Na sua obra mais importante e perene, a Utopia (1ª edição em Lovaina, 1516),  geradora de tanta reflexão e livro, são transmitidos os ideais duma sociedade mais equitativa, sábia e não-violenta (embora admitindo a guerra para se adquirirem terras trabalháveis desaproveitadas...), na qual o dinheiro não existe nem a propriedade privada, o ouro é desvalorizado, todos trabalhando e recebendo o que precisam, e onde, como bem sintetiza Fernando de Mello Moser, «a legislação estabelecida por Utopos reconhecia a liberdade em matéria religiosa, excepto no tocante à crença na imortalidade da alma e na subordinação do mundo a um providência divina, sendo a heterodoxia nestes dois pontos tido como grave degradação, relativamente à dignidade da natureza humana», aspectos que infelizmente por diversas circunstância deixaram de predominar nas sociedades, dando azo a que uma série de megalómanos milionários e grupos financeiros e ideológicos negativos estejam a dominar e a enfraquecer tanto a Humanidade como o Humanismo, afunilando as sociedade e países para distopias...

Quem dialoga com Utopos ou Tomás More é um português, provavelmente  numa homenagem à gesta dos Descobrimentos, e apresenta-o assim: «Rafael  Hitlodeu (este é o seu nome de família) conhece bastante o latim e sabe o grego na perfeição.
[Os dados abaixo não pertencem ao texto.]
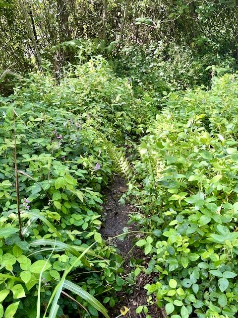 The marker has been there for a few years, and I think it has been at least that long since this trail was tended to. We waded in, thinking it would eventually open up, but it never did. Vines snapped at our ankles and all I could think of was “pit vipers.” Or even, “rats“. Amazingly, no bugs, but it was not a comfortable experience.

Como se dedicou predominantemente à filosofia, cultivou a língua de Atenas mais que a de Roma. Eis porque, em questões de certa importância, vos citará apenas passos de Séneca e de Cícero. Nasceu em Portugal. Ainda novo, renunciou à fortuna paterna para os irmãos e levado pela intensa paixão de conhecer mundo, ligou-se a Américo Vespúcio e seguiu-lhe a sorte. Nem por um instante abandonou este grande navegador em três das suas quatro últimas viagens, cuja narrativa é hoje feita em tantos livros... Sem a protecção divina, o seu temperamento sedento de aventuras ter-lhe-ia sido fatal. Seja como for, depois de Vespúcio partir, Rafael [nome do navio de Vasco da Gama, na descoberta da rota para a Índia]   percorreu com cinco castelhanos múltiplas regiões, desembarcou como que por milagre em Ceilão, e dali seguiu para Calecut, onde um navio português, contra todas as esperanças, o reconduziu ao seu país». 

Anote-se  que em 2006, saiu a primeira tradução   realizada directamente do latim da Utopia, por iniciativa de José Vitorino de Pina Martins. que prefacia a notável tradução do prof. Aires Augusto Nascimento, publicada  pela Fundação Calouste Gulbenkian, hoje já numa significativa terceira impressão bem merecida...

John Fischer (1469-1535), bispo de Rochester, que fora o protector de Erasmo durante a sua estadia de dois anos (1512-1513) em Cambdrige, pois era Chanceler da Universidade, decapitado também uns dias  antes, em 22-VI (pouco depois de ter sido elevado a cardeal, por raiva do rei), John Colet (1467-1519), da catedral de S. Paulo em Londres e Thomas More representam o humanismo mais puro de Inglaterra, nunca mais atingido. 

E se entre nós na época quinhentista João de Barros o elogiou, serão já no séc. XX José V. de Pina Martins e Fernando de Melo Moser os que mais amaram, trabalharam e divulgaram em exposições e conferências Thomas More, tendo publicado várias obras  que apelam à  leitura e aprofundamento, tanto mais que as opressões à liberdade do pensamento, da informação e da consciência são cada vez mais insidiosas e manipuladoras. 

Que o exemplo e as energias e bênçãos de todos estes humanistas nos inspirem, pois pelo campo unificado de energia consciência informação que nos une a todos, outrora chamado alma mundi ou ainda corpo místico da Igreja, todos estes seres estão bem despertos e luminosos nos mundos subtis e espirituais, dando-se mesmo o caso de Thomas More John Fisher terem sido beatificados em 1886 por Leão XIII e canonizados  como santos mártires  em  1935 pelo papa Pio IX. Anote-se, e diz-nos Mello Moser,  que «na década de vinte por ordem de Lenine, o nome de Tomás More foi inscrito no  obelisco da Liberdade na Praça Vermelha».  Finalmente, em 2000 o papa João Paulo II elegeu Thomas More como patrono celestial do governantes e advogados, seres que bem precisavam de se abrir ao seu génio e equidade corajosa.